--- START ---

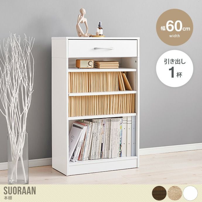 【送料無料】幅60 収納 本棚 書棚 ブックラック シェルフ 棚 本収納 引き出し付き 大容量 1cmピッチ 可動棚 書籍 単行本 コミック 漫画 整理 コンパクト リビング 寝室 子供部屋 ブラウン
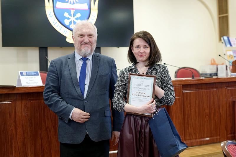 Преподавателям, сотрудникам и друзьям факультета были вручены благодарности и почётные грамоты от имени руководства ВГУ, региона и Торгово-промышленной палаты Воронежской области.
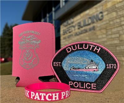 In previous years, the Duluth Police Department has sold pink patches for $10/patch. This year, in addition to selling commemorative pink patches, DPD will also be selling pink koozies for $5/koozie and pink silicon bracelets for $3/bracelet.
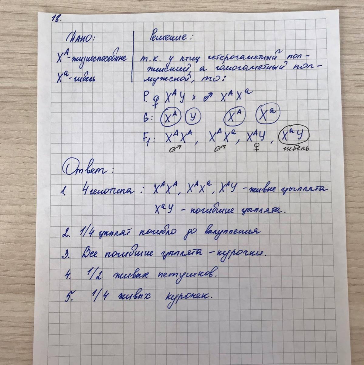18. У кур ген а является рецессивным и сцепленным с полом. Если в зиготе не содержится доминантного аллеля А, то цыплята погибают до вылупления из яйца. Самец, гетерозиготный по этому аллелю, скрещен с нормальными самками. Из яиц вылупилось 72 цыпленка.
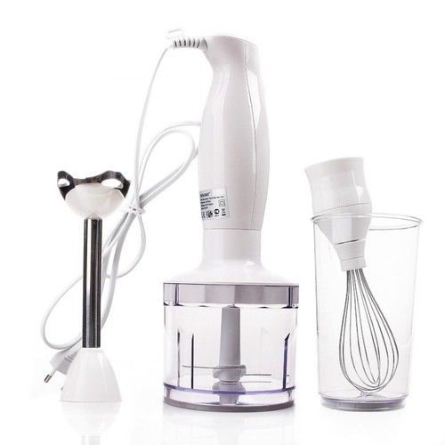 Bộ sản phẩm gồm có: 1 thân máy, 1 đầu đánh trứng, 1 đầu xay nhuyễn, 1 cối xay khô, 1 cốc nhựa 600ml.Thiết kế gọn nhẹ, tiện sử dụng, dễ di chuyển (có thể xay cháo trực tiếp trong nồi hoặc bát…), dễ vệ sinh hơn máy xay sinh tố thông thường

--- END ---

◆ **What to do**
Could you copy the listing above exactly, without its pictures?

◆ **Task result**
 【送料無料】幅60 収納 本棚 書棚 ブックラック シェルフ 棚 本収納 引き出し付き 大容量 1cmピッチ 可動棚 書籍 単行本 コミック 漫画 整理 コンパクト リビング 寝室 子供部屋 ブラウン
 Преподавателям, сотрудникам и друзьям факультета были вручены благодарности и почётные грамоты от имени руководства ВГУ, региона и Торгово-промышленной палаты Воронежской области.
 In previous years, the Duluth Police Department has sold pink patches for $10/patch. This year, in addition to selling commemorative pink patches, DPD will also be selling pink koozies for $5/koozie and pink silicon bracelets for $3/bracelet.
18. У кур ген а является рецессивным и сцепленным с полом. Если в зиготе не содержится доминантного аллеля А, то цыплята погибают до вылупления из яйца. Самец, гетерозиготный по этому аллелю, скрещен с нормальными самками. Из яиц вылупилось 72 цыпленка.
 Bộ sản phẩm gồm có: 1 thân máy, 1 đầu đánh trứng, 1 đầu xay nhuyễn, 1 cối xay khô, 1 cốc nhựa 600ml.Thiết kế gọn nhẹ, tiện sử dụng, dễ di chuyển (có thể xay cháo trực tiếp trong nồi hoặc bát…), dễ vệ sinh hơn máy xay sinh tố thông thường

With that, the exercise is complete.